Gastrointestinal diseases Flashcards
Presentation of dysmenorrhea?
Chronic pelvic pain in a woman of reproductive age. It is a cause of cyclical pelvic pain, it comes and goes in predictable intervals which may be known or unbeknownst to the patient.
What is primary dysmenorrhea?
Cyclical menstrual pain with no identifiable underlying cause
What is secondary dysmenorrhea?
Cyclical menstrual pain with an underlying cause.
Risk factors for primary dysmenorrhea?
- Earlier age at menarche
- Longer menstrual period
- Higher BMI
- Smoking
- Parity appears to be associated with decreased incidence of primary dysmenorrhea
Pathophysiology of primary dysmenorrhea
During menstruation, endometrial cells releaseprostaglandins. Women with primary dysmenorrhea appear to release higher levels of prostaglandins.
What is the #1 cause of secondary dysmenorrhea?
Endometriosis
Primary dysmenorrhea vs secondary dysmenorrhea?
Primary: Age: 16-26 Onset of pain: just prior to menses Symptoms: pain only Response: Responds to NSAIDs and COCs Physical exam: Unremarkable
Secondary: Age: 30-45 years Onset of pain: Often progresses through late luteal phase Symptoms: other sx usually present Response: Resistance to NSAIDS and COCs Physical exam: Depend on cause
Secondary dysmenorrhea should be strongly suspected in women who?

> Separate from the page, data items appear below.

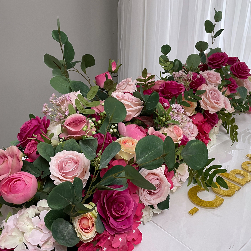 Illuminate your wedding or event with our luxury custom artificial floral décor — including flower rows, long table arrangements, sofa florals, and runner designs.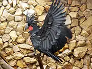 - (Ornithologie) Perroquet de très grande taille, à grande huppe, entièrement noir à l’exception de zones rouges déplumées sur les joues, vivant en Nouvelle-Guinée, Papouasie et dans une pointe nord-est de l’Australie.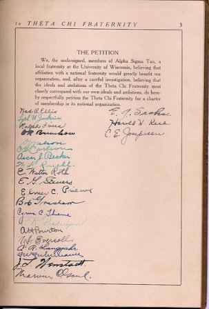 Psi Chapter History - 1917-1937Theta Chi • 1915-1916 • 1917-1937 • 1941-1949 • 1950-1964 • 1965-1984 • 1985-2005At the beginning of the next semester, the members of Alpha Sigma Tau decided to seek a berth in Theta Chi Fraternity, “believing that the ideals and ambitions of the Theta Chi Fraternity most closely correspond[ed] with [their] ideals and ambitions.”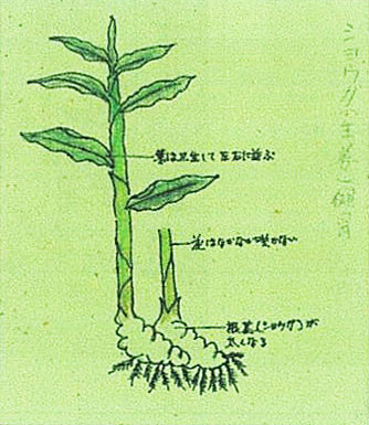 ひねしょうが よい秋に掘り上げ、根茎をとり、根は除いて水洗い、乾燥する。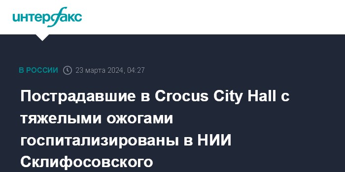 Пострадавшие в Crocus City Hall c тяжелыми ожогами госпитализированы в НИИ Склифосовского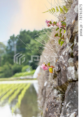 ピンクの棚田の石垣に咲く四季咲き秋海棠

- Have onset of dysmenorrhea after 25 y
- Have abnormal pelvic exam findings
- Have infertility or menstrual abnormalities
- Have dyspareunia
- Do not respond to conventional therapy for primary dysmenorrhea.
Treating primary dysmenorrhea?
- NSAIDS = first line
- COC or progestin-only contraceptives may be used in patients who do not respond to NSAIDs or as a first-line in patients also desiring contraception.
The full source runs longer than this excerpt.